(Data items)
::::::::::

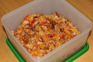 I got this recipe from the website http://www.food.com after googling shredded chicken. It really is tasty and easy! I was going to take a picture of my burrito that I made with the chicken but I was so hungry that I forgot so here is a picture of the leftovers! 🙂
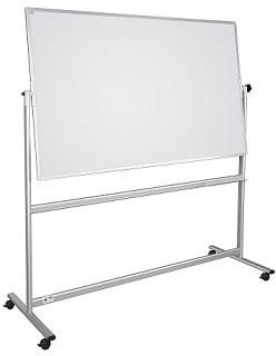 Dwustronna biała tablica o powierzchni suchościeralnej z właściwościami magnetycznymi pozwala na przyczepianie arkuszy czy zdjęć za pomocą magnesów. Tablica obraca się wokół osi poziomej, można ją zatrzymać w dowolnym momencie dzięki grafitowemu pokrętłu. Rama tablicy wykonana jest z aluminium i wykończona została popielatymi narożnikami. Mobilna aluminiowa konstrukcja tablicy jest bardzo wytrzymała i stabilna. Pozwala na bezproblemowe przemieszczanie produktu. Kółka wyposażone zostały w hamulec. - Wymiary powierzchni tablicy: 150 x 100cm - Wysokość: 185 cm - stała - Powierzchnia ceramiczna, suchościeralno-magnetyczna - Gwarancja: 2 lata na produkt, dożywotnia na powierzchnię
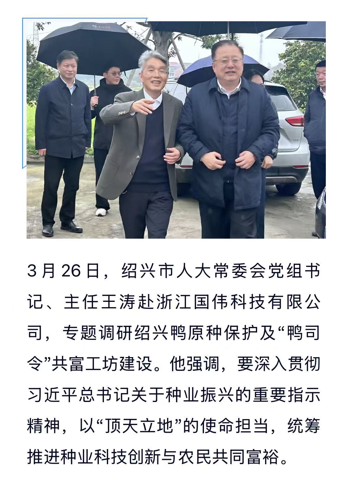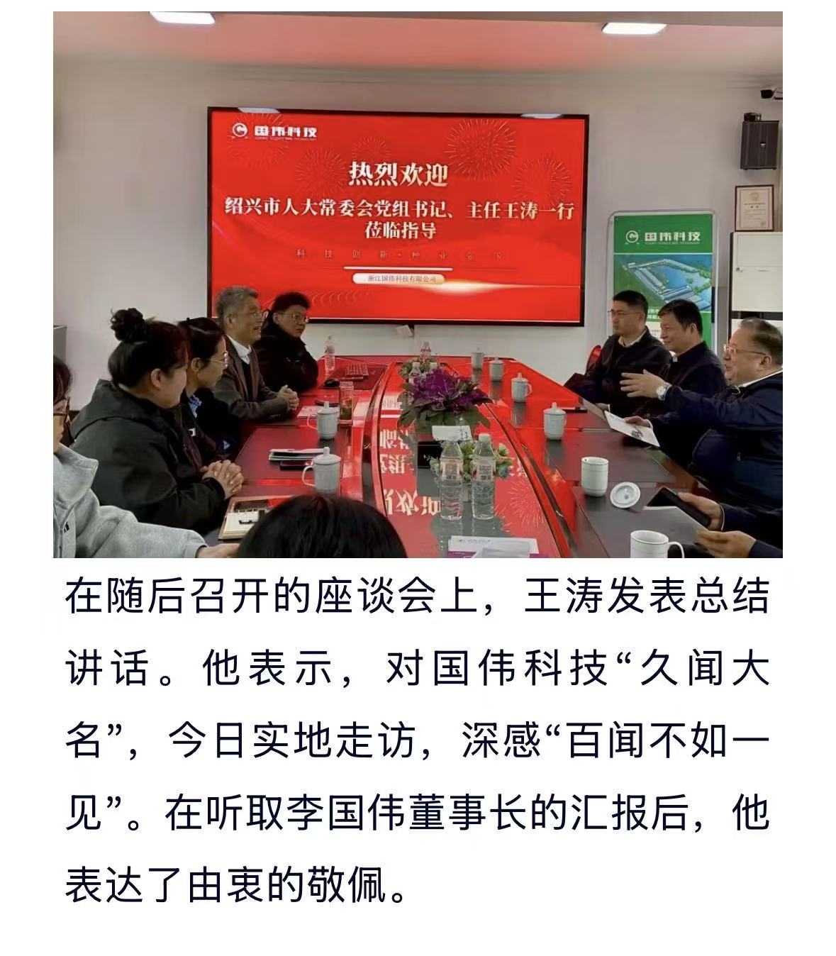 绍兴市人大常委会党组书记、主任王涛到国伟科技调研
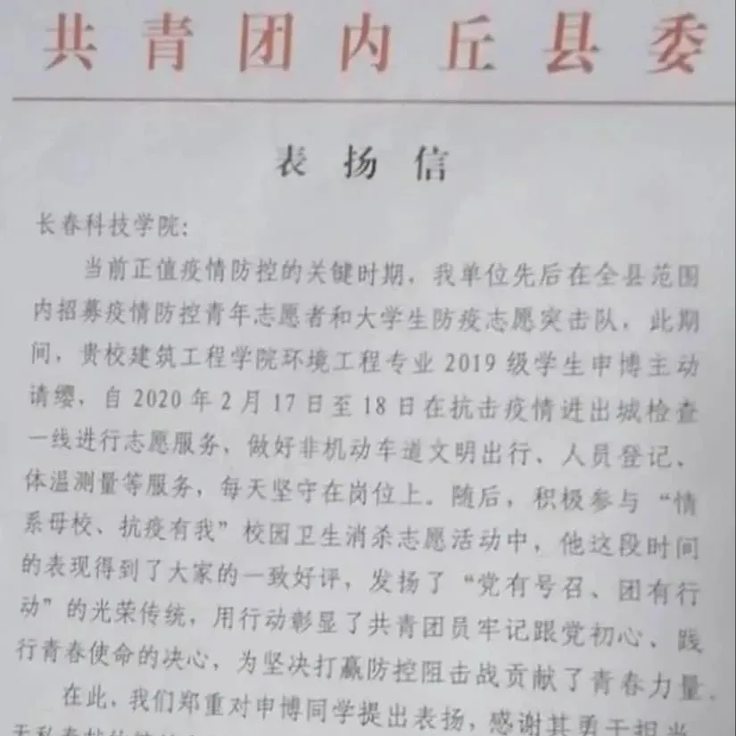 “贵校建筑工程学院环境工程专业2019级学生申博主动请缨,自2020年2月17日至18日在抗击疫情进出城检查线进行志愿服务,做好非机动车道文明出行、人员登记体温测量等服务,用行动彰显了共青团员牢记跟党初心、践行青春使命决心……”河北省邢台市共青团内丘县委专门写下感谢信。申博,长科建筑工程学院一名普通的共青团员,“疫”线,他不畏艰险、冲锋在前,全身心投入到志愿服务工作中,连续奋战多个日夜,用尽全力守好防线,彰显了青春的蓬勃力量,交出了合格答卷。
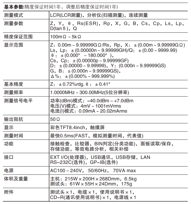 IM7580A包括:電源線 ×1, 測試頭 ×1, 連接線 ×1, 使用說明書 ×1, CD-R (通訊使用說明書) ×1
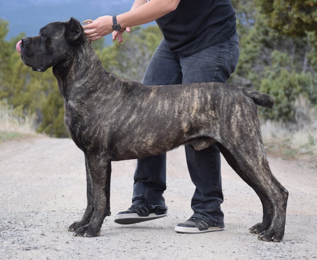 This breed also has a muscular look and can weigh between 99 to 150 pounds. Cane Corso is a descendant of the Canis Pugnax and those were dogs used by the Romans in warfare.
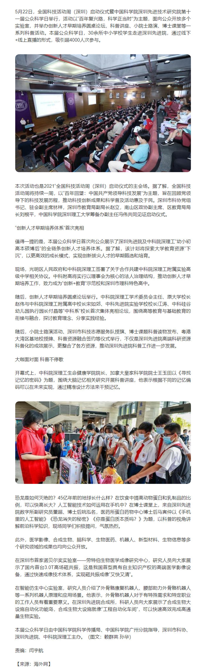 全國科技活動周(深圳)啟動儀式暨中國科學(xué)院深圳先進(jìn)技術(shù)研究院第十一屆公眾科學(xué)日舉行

::::::::::

■ WHAT YOU WILL DO:
Output the records above exactly as they are, leaving out the pictures.

■ RESULT:
 I got this recipe from the website http://www.food.com after googling shredded chicken. It really is tasty and easy! I was going to take a picture of my burrito that I made with the chicken but I was so hungry that I forgot so here is a picture of the leftovers! 🙂
 Dwustronna biała tablica o powierzchni suchościeralnej z właściwościami magnetycznymi pozwala na przyczepianie arkuszy czy zdjęć za pomocą magnesów. Tablica obraca się wokół osi poziomej, można ją zatrzymać w dowolnym momencie dzięki grafitowemu pokrętłu. Rama tablicy wykonana jest z aluminium i wykończona została popielatymi narożnikami. Mobilna aluminiowa konstrukcja tablicy jest bardzo wytrzymała i stabilna. Pozwala na bezproblemowe przemieszczanie produktu. Kółka wyposażone zostały w hamulec. - Wymiary powierzchni tablicy: 150 x 100cm - Wysokość: 185 cm - stała - Powierzchnia ceramiczna, suchościeralno-magnetyczna - Gwarancja: 2 lata na produkt, dożywotnia na powierzchnię
 绍兴市人大常委会党组书记、主任王涛到国伟科技调研
 “贵校建筑工程学院环境工程专业2019级学生申博主动请缨,自2020年2月17日至18日在抗击疫情进出城检查线进行志愿服务,做好非机动车道文明出行、人员登记体温测量等服务,用行动彰显了共青团员牢记跟党初心、践行青春使命决心……”河北省邢台市共青团内丘县委专门写下感谢信。申博,长科建筑工程学院一名普通的共青团员,“疫”线,他不畏艰险、冲锋在前,全身心投入到志愿服务工作中,连续奋战多个日夜,用尽全力守好防线,彰显了青春的蓬勃力量,交出了合格答卷。
 IM7580A包括:電源線 ×1, 測試頭 ×1, 連接線 ×1, 使用說明書 ×1, CD-R (通訊使用說明書) ×1
 This breed also has a muscular look and can weigh between 99 to 150 pounds. Cane Corso is a descendant of the Canis Pugnax and those were dogs used by the Romans in warfare.
 全國科技活動周(深圳)啟動儀式暨中國科學(xué)院深圳先進(jìn)技術(shù)研究院第十一屆公眾科學(xué)日舉行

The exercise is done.